How to do OCR on a Mac using the CLI or just Python

zavertnik · on Jan 2, 2024

Nice post, OP! I was super impressed with the Apple's vision framework. I used it on a personal project involving the OCRing of tens of thousands of spreadsheet screenshots and ingesting them into a postgres database. I tried other OCR CPU methods (since macOS and Nvidia still don't play nice together) such as Tesseract but found the output to be incorrect too often. The vision framework was not only the highest quality output I had seen, but it also used the least amount of compute. It was fairly unstable, but I can chalk that up to user error w/ my implementation.

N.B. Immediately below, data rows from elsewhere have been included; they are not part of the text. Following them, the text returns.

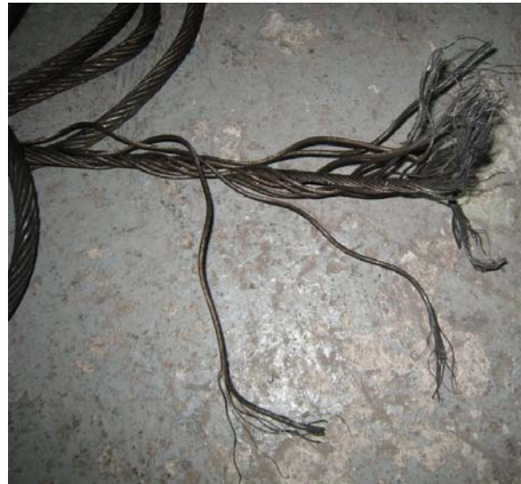
相片 2 - 斷裂的懸吊纜索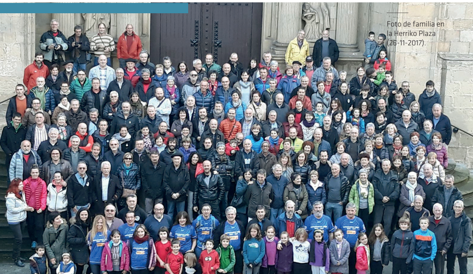
Foto de familia en la Herriko Plaza (26-11-2017).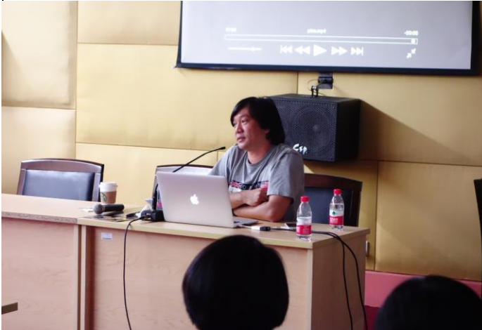
C. 黃信堯導演課程現場 1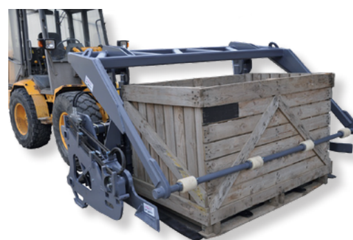
Cadre de maintien sur le dessus et devant avec rouleaux de protection en ertalon Ertalon roller frame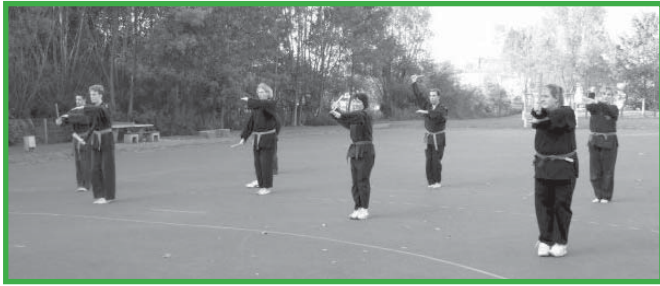
Die Teilnehmer des Waffenlehrgangs nutzten das schöne Wetter für ein Training im Freien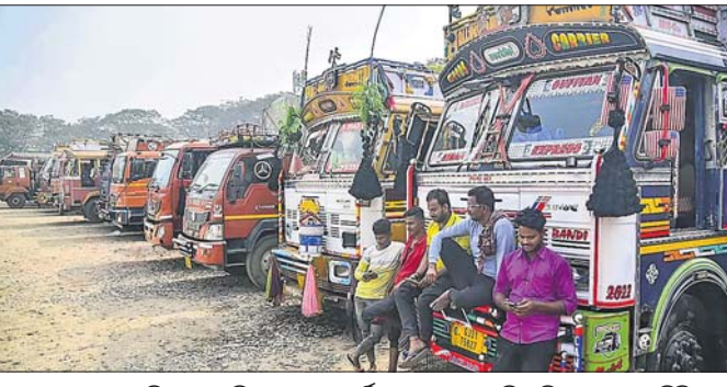
ମହାରାଷ୍ଟ୍ରର ନଳି ମୁଖାଇ ନିକଟସ୍ଥ ଏକ ଚର୍ମିନାଲରେ ଟ୍ରକ୍‌ଗୁଡ଼ିକ ଛିଡ଼ା ହୋଇ ରହିଛି।

ଦେଶରେଦରଦାମ୍‌ବୁଦ୍ଧିପାଉଛି। ଏଭଳିସ୍ଥିତିରେକୃଷକଆନ୍ଦୋଳନଭଳିପ୍ରକୃତ୍ୱଭରଣକ୍‌ଆନ୍ଦୋଳନବିରାଟରୂପେନେଇଛି। ଇଣ୍ଡିଆନ ପେନାଲ କୋଡ୍ (ଆଇପିସି) ବଦଳରେ କେନ୍ଦ୍ର ସରକାର ଗତ୩ବର୍ଷରେ ଆଣିଥିବା ନୂଆ ଆଇନ ଭାରତୀୟ ନ୍ୟାୟ ସଂହିତାରେ 'ହିଟ୍ ଆଣ୍ଡ ରନ୍' ଅପରାଧ ପାଇଁ କରାଯାଇଥିବା କଠୋର ଦଣ୍ଡବିଧାନ ପ୍ରତିବାଦରେ ମୁଣ୍ଡଟେକିଛି ଏହି ଆନ୍ଦୋଳନ। ଏଥିଯୋଗୁଁ ଯାନବାହନଚଳାଚଳ ବନ୍ଦହୋଇ ଯୋଗାଣ ଶୃଙ୍ଖଳ ବାଧାପ୍ରାପ୍ତହୋଇଛି। ୧୦ରୁଅଧିକ ରାଜ୍ୟରେ ଅତିଆବଶ୍ୟକ ସାମଗ୍ରୀଗୁଡ଼ିକର ଅଭାବ ଅନୁଭୂତ ହେଲାଣି। ଏହାର ପ୍ରଭାବରେ ସାମଗ୍ରୀ କିଣିବା ପାଇଁ ପ୍ରତିଯୋଗିତା ବହୁଥିବାରୁ ଲୋକେ ମୂଲ୍ୟବୃଦ୍ଧିର ଶିକାର ହେଉଛନ୍ତି। ତେବେ ସ୍ଥିତିର ଗମ୍ଭୀରତାକୁ ଦୃଷ୍ଟିରେ ରଖି ସରକାର ନୂଆ ଆଇନରେ ପରିବର୍ତ୍ତନ ଆଣିପାରନ୍ତି ବୋଲି ଜୁହାଯାଇଛି।

I used a combination of RHetTbull's vision.py (for the actual implementation) [1] + ocrmac (for experimentation) [2] and was pleasantly surprised by the performance on my i7 6700k hackintosh.

I wouldn't call myself a programmer but I can generally troubleshoot anything if given enough time, but it did cost time.

[1]: https://gist.github.com/RhetTbull/1c34fc07c95733642cffcd1ac5...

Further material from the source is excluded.